I’ve added several reader suggestions :)
Sorry for the picture, I do know it’s horrible and I contribute to its ugliness.
I really like angular. I know it’s over-architected, very complex and can be replaced with React and a few libraries. But I also think that frameworks are not bad per se, we lose flexibility but they guide us in how to develop a feature.
That’s why I think angular makes sense depending on the type of project, the team developing it and the company.
I’ve been tinkering with angular since the beta3? and I’ve given several talks and courses. Exactly 5 (!) courses about angular, being even more specific these ones:
- In February 2016 I gave a course (12 hours) to Brooktec about, what was called back then, angular2.
- In February 2017 gave an angular workshop, 4 afternoons (4*4 hours), in the URJC with MadridJS.
- In May 2017, I gave two, 8 hours sessions, to KairosDS.
- Also in May, I recorded the OpenWebinars courses responsible for that picture. 10 hours of video, slides, theory, repository…
- And last but not least, I’ve given an angular course to Luce in 5 afternoons (5*3 hours).
And the feedback has been… good and lacking. In brooktec no-one responded the feedback form, 3 persons in luce (5% with all the sessions), 8 in kairos (32%), 15 in the URJC (5%) and currently 9 in openwebinars (5%).
I would love to have more answers :(
The general feedback is quite good (4.4/5 is the lowest mean of the courses and 4.67/5 the highest) but there are some 3’s that hurt, especially in OpenWebinars where I don’t know the reasons :(
These are the main things I have to improve:
- More advanced content
- More time for exercises
If you think those 2 objectives are the opposite of each other, I also agree. I’m continuously juggling between the decision of showing more content or reviewing the exercises. I don’t have an answer.
I have tried to close that gap offering hangouts or personal sessions to solve doubts or show advanced content whenever the attendees can. But it has been a profound failure.
I’ve proposed many dates for a hangout (no-one came), send doodles… I once sent a doodle to 2x developers, no-one answered, I told them so and gave another opportunity and, again, no-one answered :’(
I have a small theory: it’s different (mentally) to plan to attend to a workshop that to a hangout (where you can be the only one there). I don’t think the dates/times are the problem because I’ve offered a lot of, different, options. It has to be something in the brain, that reserves time to attend a course but doesn’t want to pursue the topic further.
As I told you, I’m out of possible solutions… any ideas?
The feedback forms also commented several problems with the courses, these ones:
- More interactive content
- Show a real application
- Spend more time explaining why x feature is useful
- Less content about observables (specific to angular)

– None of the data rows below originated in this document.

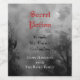 Custom Halloween party wine potion bottle favours with vintage blackletter in red, rustic hand in black and retro block letters in white against a sky with misty leafless trees, Gothic ravens and a cloudy full moon.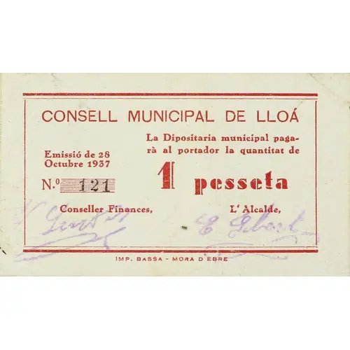 CONSELL MUNICIPAL DE LLOÁ La Dipositaria municipal pagarà al portador la quantitat de 1 pesseta Emissió de 28 Octubre 1937 (Translation: Municipal Council of Lloá The Municipal Depositary will pay the bearer the amount of 1 Peseta Issue of October 28, 1937) |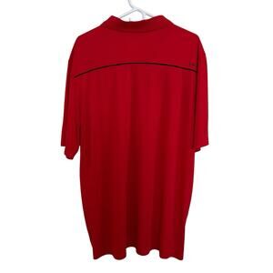 This is a red Cutter & Buck men's polo shirt in size 2XL. It features a collared neckline, short sleeves, and a pullover closure. Made of 100% polyester with a light fabric wash, this classic sports-themed shirt is suitable for summer wear and golf activities. The regular fit shirt is machine washable and has a spread collar style, perfect for casual or sporty occasions.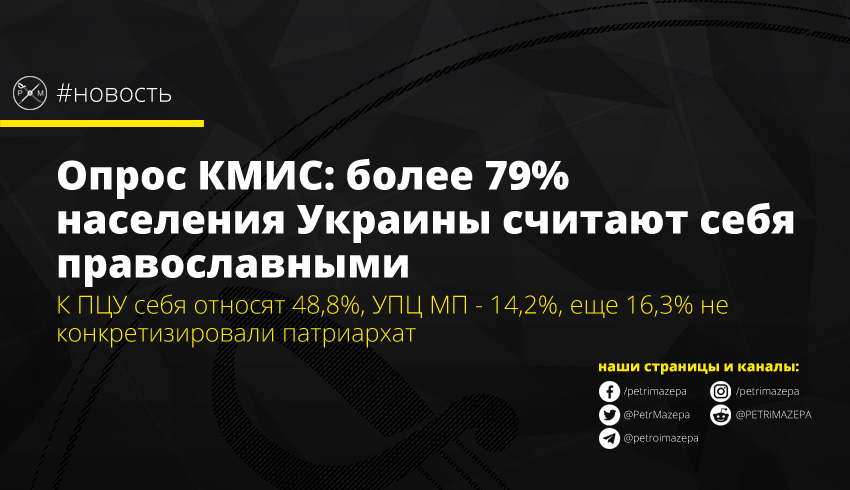 Согласно результатам опроса, к Православной церкви Украины (ПЦУ) себя относит 48,8% населения страны, а 16,3% к православной церкви, но без конкретизации патриархата. В то же время, 14,2% опрошенных относят себя к Украинской православной церкви Московского патриархата (УПЦ МП), а к Украинской греко-католической церкви - 8,8% респондентов, еще 4,9% выбрали другие конфессии, а 2,7% затруднились или отказались отвечать, сообщается на сайте КМИС. Атеистами себя считают 4,3% опрошенных.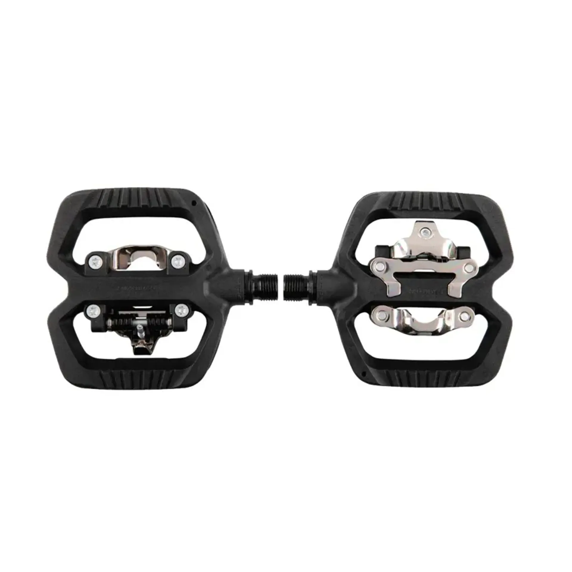 The clipless side is based on a mechanism compliant with the micro cleat standard, compatible with spd cleat. This mechanism features across the entire range and enables simple and secure clip-in and clip-out. The retention adjustment system enables an adjustment from 5 to 10. All the pedals are supplied with the easy cleat with 30% easier clip-in and more natural multidirectional clip-out, offering the possibility of a movement combining rotation and traction.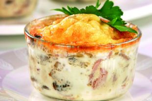 Жульен с грибами, ветчиной и яйцом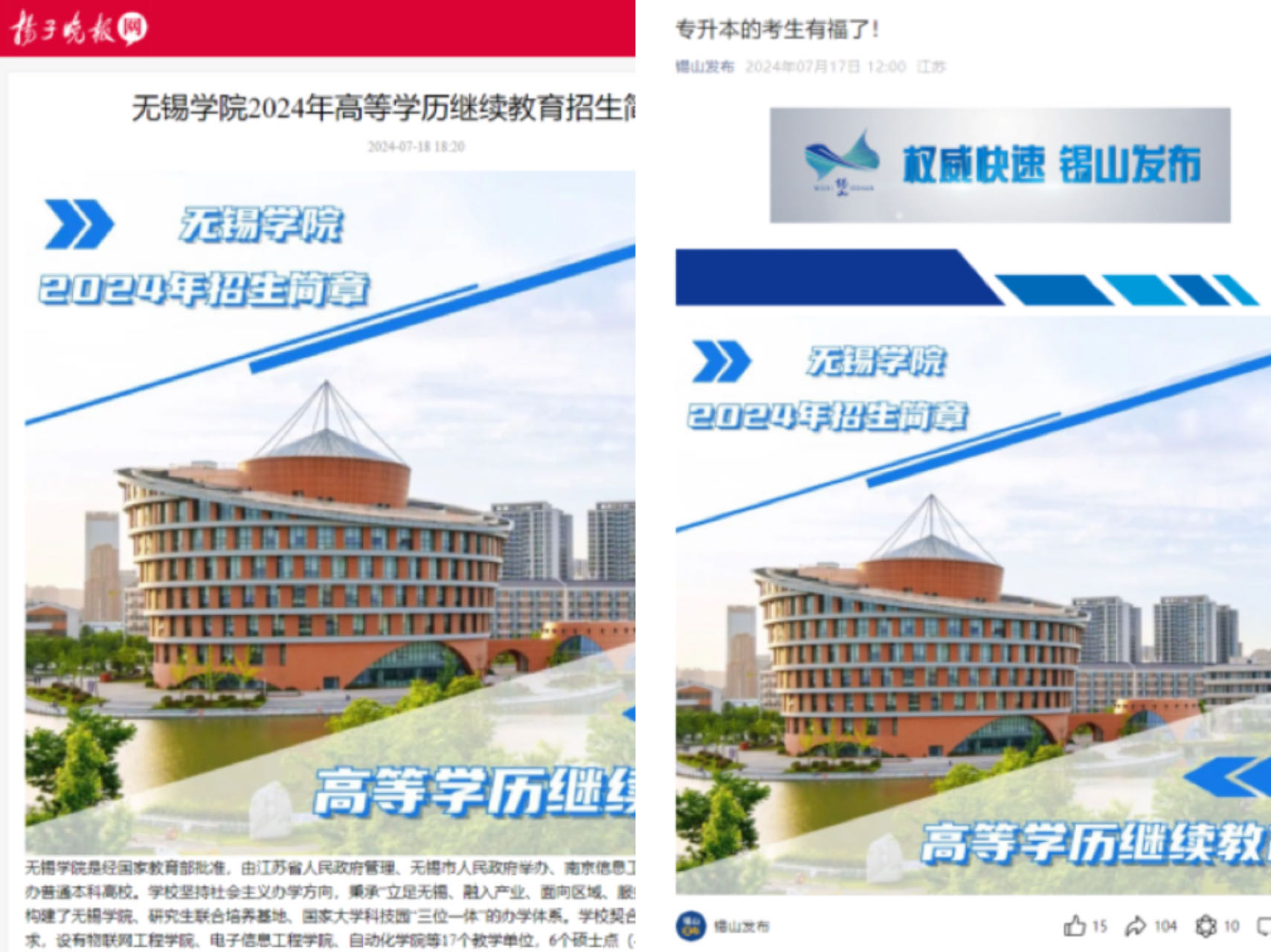 近期,我校高等学历继续教育工作的消息动态一经发布,便引起了社会的广泛关注,“扬子晚报”“锡山发布”等众多公众号纷纷进行转发报道。这些社会媒体的关注,不仅为我校高等学历继续教育带来了更高的知名度,也为广大考生提供了了解我校优质教育资源的渠道。

Both four are true but the first 2 ones are more important (IMHO). I have to prepare more interactive courses. I have several ideas but I don’t execute them. I’ve tried leaving exercises, optional exercises and encouraging personal projects. Do you have any suggestions? (I’m nhpatt in twitter and gmail!)
I can fix all of those without angering any other attendee so I’ll try to do it for next courses!

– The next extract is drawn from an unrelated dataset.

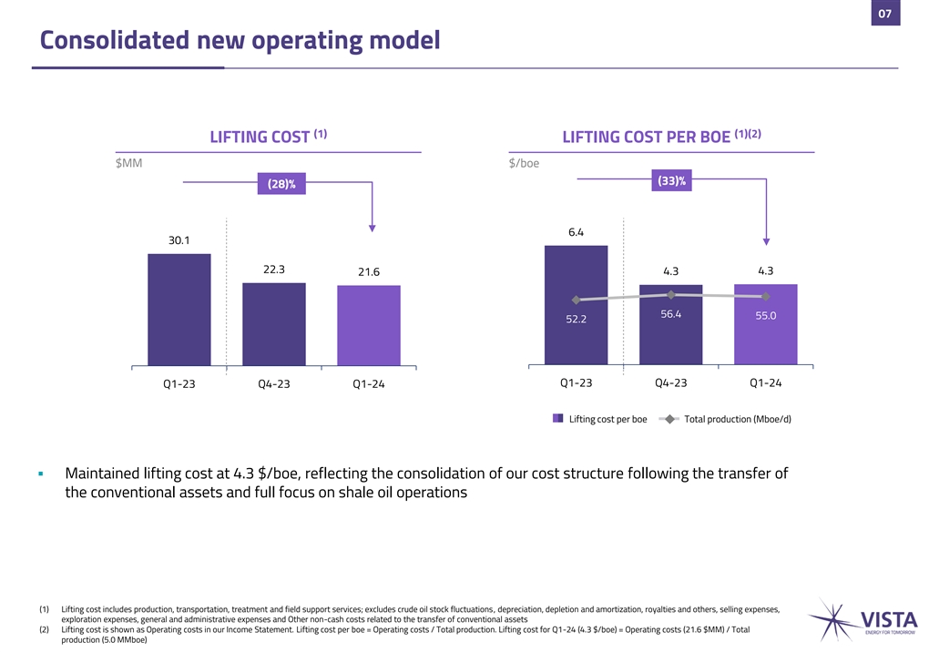 06 Solid improvement in realized oil prices (1) REVENUES AVERAGE CRUDE OIL PRICE AVERAGE NATURAL GAS PRICE $MM $/bbl $/MMBtu 2.4 2.0 1.6 +6% (40)% 70.3 67.8 4.7 66.6 317.2 317.4 309.2 2.8 2.2 60% 52% 41% Q1-23 Q4-23 Q1-24 Q1-23 Q4-23 Q1-24 Q1-23 Q4-23 Q1-24 Total revenues % of export in total revenues Oil exports (MMbbl) (2) ▪ Flat revenues reflect changes in oil ▪ Realized oil prices of 69.3 $/bbl▪ Decrease in industrial gas prices inventory (0.14 MMbbl build-up in in the domestic market and from 3.0 $/MMBtu in Q1 2023 to (3) Q1-24 v. 0.24 MMbbl reduction in 74.0 $/bbl in the export market 1.2 $/MMBtu in Q1 2024 Q1-23) ▪ 57% of oil sales volumes sold at ▪ Increased export volumes to 19% export parity prices of total gas sales at a realized price of 6.9 $/MMBtu, driving sequential price improvement (1) Revenues include export duties: 14.0 $MM in Q1-23, 12.4 $MM in Q4-23 and 9.6 $MM Q1-24 (2) Does not include trucking transportation cost from sales point to refinery. Total realized oil price net of this cost is 68.0 $/bbl in Q1-24 (3) Net of export tax. Export price before export tax was 80.1 $/bbl in Q1-24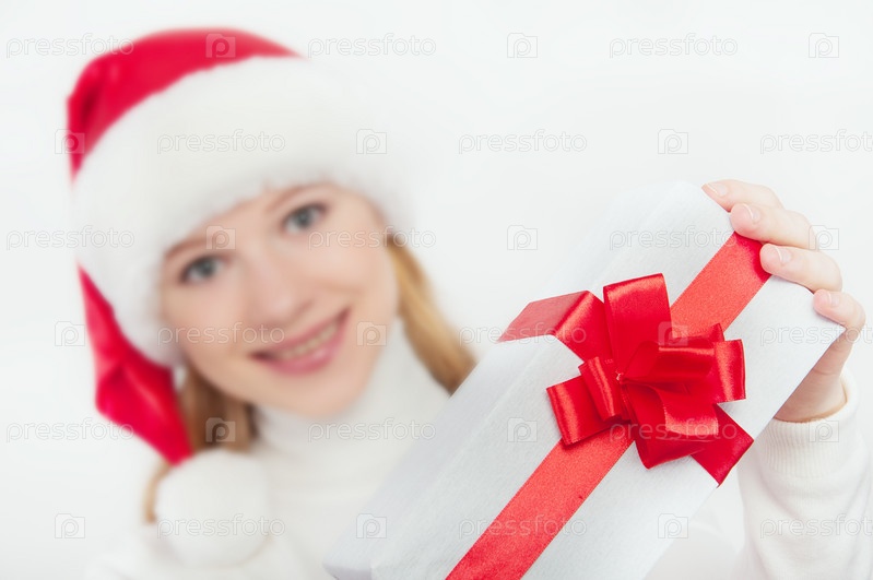 Женщина и белый рождественский подарок с красной лентой

I want to update the Toledo App and public a big open source project… so that will cover the show a real application feedback.
I also plan to fill a feedback form live in the next course, to show that I can accept real criticism and that it takes just 2 minutes.
As always, I’m still open to having a hangout with whoever wants to learn more about angular…
I’m trying to manage expectations (and I think I have improved in that regard) but I’m lacking the confidence to do questions or force the attendees to do something.
This is now my go-to post for preparing a course, along with this one. This is the TL;DR conclusions:
- Force them to create a real project
- Manage expectations
- Do dailies instead of summaries
- Look for more interactive content
- Review exercises
- Short feedback cycles
- Fill a feedback form with them
- Prepare basic content in an introductory session/hangout (along with setting up a minimum and enforcing it)
- Taunt the audience with questions
- Set an objective for the session
- Commit per exercise, references at the beginning…
- Insist on please, ask questions!
- Differentiate levels and target the needs of each level
- Propose a real, already solved, problem (like twitter, hacker news…) but leave open a part to personalize and make their own.
- Use storytelling to narrate the problem to solve, to explain that is a real problem
I’ll keep you updated with my particular transparency.